The Reason of State (Italian: Della Ragion di Stato) is a work of political philosophy by Italian Jesuit Giovanni Botero. The book first popularised the term Reason of State and became a political 'bestseller', going through 15 Italian editions and translations into Spanish, Latin and French in the late sixteenth and the seventeenth century. Botero's Reason of State was also translated into German as Johannis Boteri Grundlicher Bericht Anordnung guter Polizeien und Regiments (1596). Despite this success on the continent, Botero's Della Ragion di Stato was never published in England. However a little-known contemporary English manuscript translation exists in the British Library. Botero's treatise has been translated into English by P.J. and D.P. Waley with  an introduction by D.P. Waley (London, 1956), and, more recently, by Robert Bireley (Cambridge, 2017).

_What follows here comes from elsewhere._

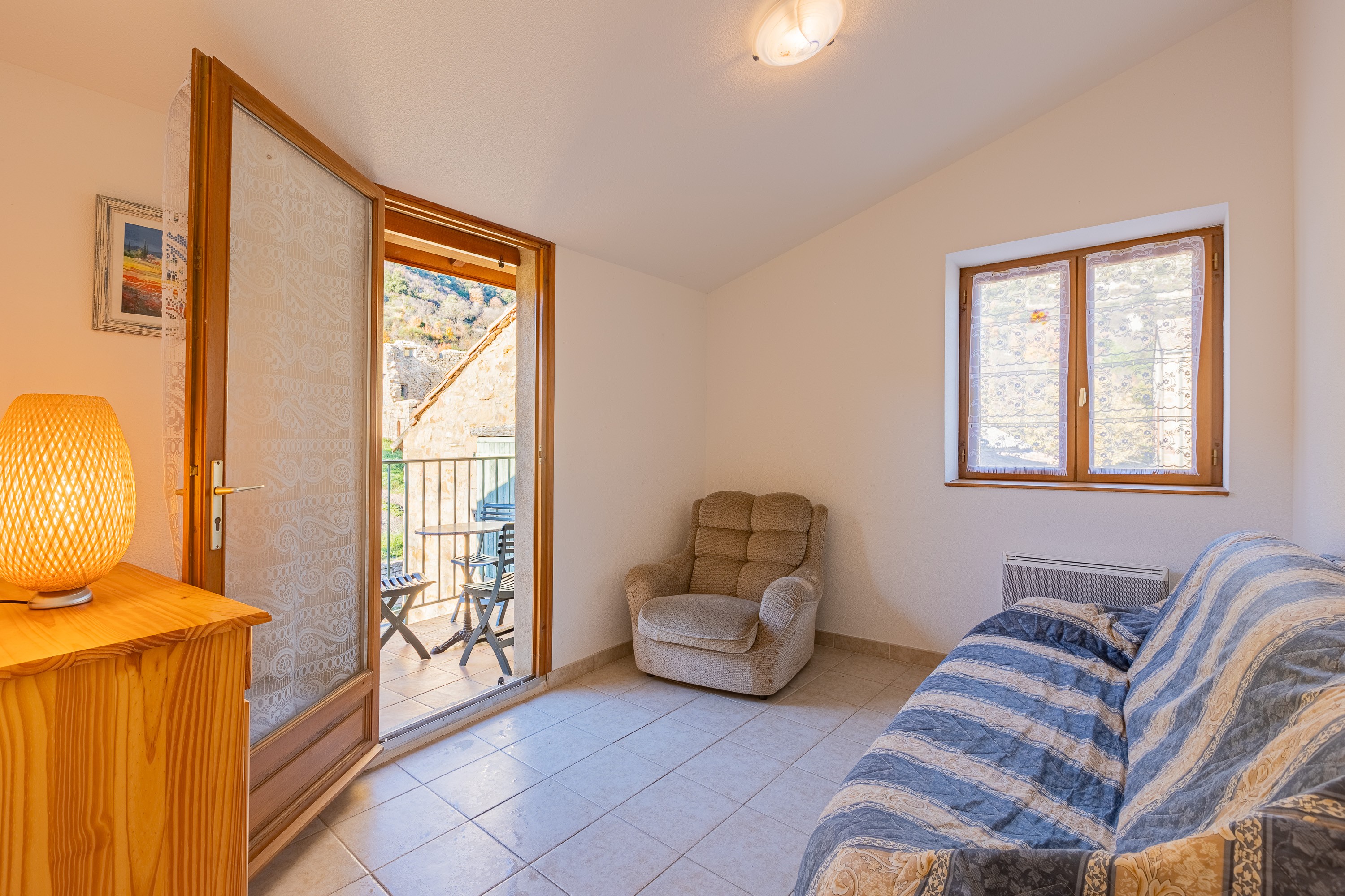 Nichée au cœur du pittoresque hameau de Dio, à proximité du Parc Naturel du Haut-Languedoc, cette maison de caractère est un ancien bâtiment de ferme en pierres de pays, entièrement rénové et aménagé sur deux niveaux. Elle vous accueille pour un séjour ressourçant, entre nature et patrimoine, dans un cadre paisible et authentique. D’une superficie de 80 m², ce gîte spacieux et lumineux peut accueillir jusqu’à 4 personnes. Au rez-de-chaussée, un coin-cuisine entièrement équipé est ouvert sur la salle à manger. Un WC indépendant complète cet espace. À l’étage, un salon chaleureux mène à une chambre avec un lit double et une autre chambre avec deux lits simples. Une salle d’eau, un WC indépendant et une mezzanine avec un canapé offrent un confort supplémentaire. L’hébergement dispose du chauffage électrique et d’une télévision. La location de draps et le ménage de fin de séjour sont possibles sur demande. L’extérieur offre une terrasse au premier étage de 6 m² avec un salon de jardin, un barbecue pour profiter des repas en plein air, ainsi qu’un abri couvert clos de 30 m². La situation privilégiée du gîte permet de découvrir le Château de Dio, le Lac du Salagou et ses paysages rougeoyants, le Cirque de Mourèze et le village de Villeneuvette, ancienne manufacture royale fondée par Colbert. Les amateurs de nature pourront partir en randonnée dans le Massif du Haut-Languedoc, tandis que les marchés de Lodève et Clermont-l’Hérault raviront les amateurs de produits locaux. Réservez dès maintenant votre séjour à Dio et laissez-vous séduire par l’authenticité et la beauté de cette région unique !

The expression 'reason of state' denotes a way of thinking that about government that does agree fully with Botero's ideas. It emerged at the end of the fifteenth century and remained prevalent until the eighteenth century. Notwithstanding the criticism of Botero on fully amoral statecraft, it refers to the right of rulers to act in ways that go against the dictates of both natural and positive law with the aim of acquiring, preserving, and augmenting the dominion of the state.

Description 
The book was first published in Venice in 1589, and is most notable for criticizing methods of statecraft associated with Niccolò Machiavelli and presenting economics as an aspect of politics. In the dedication of the 1589 edition of The Reason of State, Botero states his determined opposition to machiavellism. He traces the corruption of 16th century political discourse to the ideas advanced by Machiavelli. However, Botero does adopt aspects of Machiavelli's thought in The Reason of State. For instance, in 1590 Botero added a chapter to The Reason of State that advocates all European states join the Republic of Venice in a campaign to oust the Ottoman Empire from Europe. This appeal mirrors Machiavelli's own call to drive all foreigners out of Italy at the end of The Prince. Botero also expands upon Machiavelli's premise that men, not money, are more important for preserving a viable political regime. Where for Machiavelli men are crucial for their military valor, Botero proclaims that both a regime's population and its martial abilities are the most crucial resources at a ruler's disposal.

The Reason of State
Among the reasons that Botero put forward for writing his Della ragion di Stato, Botero refers to the popularity of (oral) discussions of reason of state in the European courts. While in France and Italy Botero noted that the term "reason of state" was frequently associated with Niccolò Machiavelli's political thought. By deciding to take part in these and other discussions, Botero uses a written and published form to retrieve the topic of reason of state from secrecy. Botero is the first promoter of a ‘good’ reason of state in which statesmen are responsible before their conscience. He impugns any notion of the reason of State that would be based on immorality, that is on constant transgression of God's prescriptions. The most significant point of departure from Machiavelli's intellectual 'shadow' concerns Botero's warm embrace and strong support of Christianity and the Roman Catholic Church in particular:

Botero and Religious Toleration
In essence, Botero asserts that piety, religion and Roman Catholicism are indispensable parts of any reason of state approach to governing.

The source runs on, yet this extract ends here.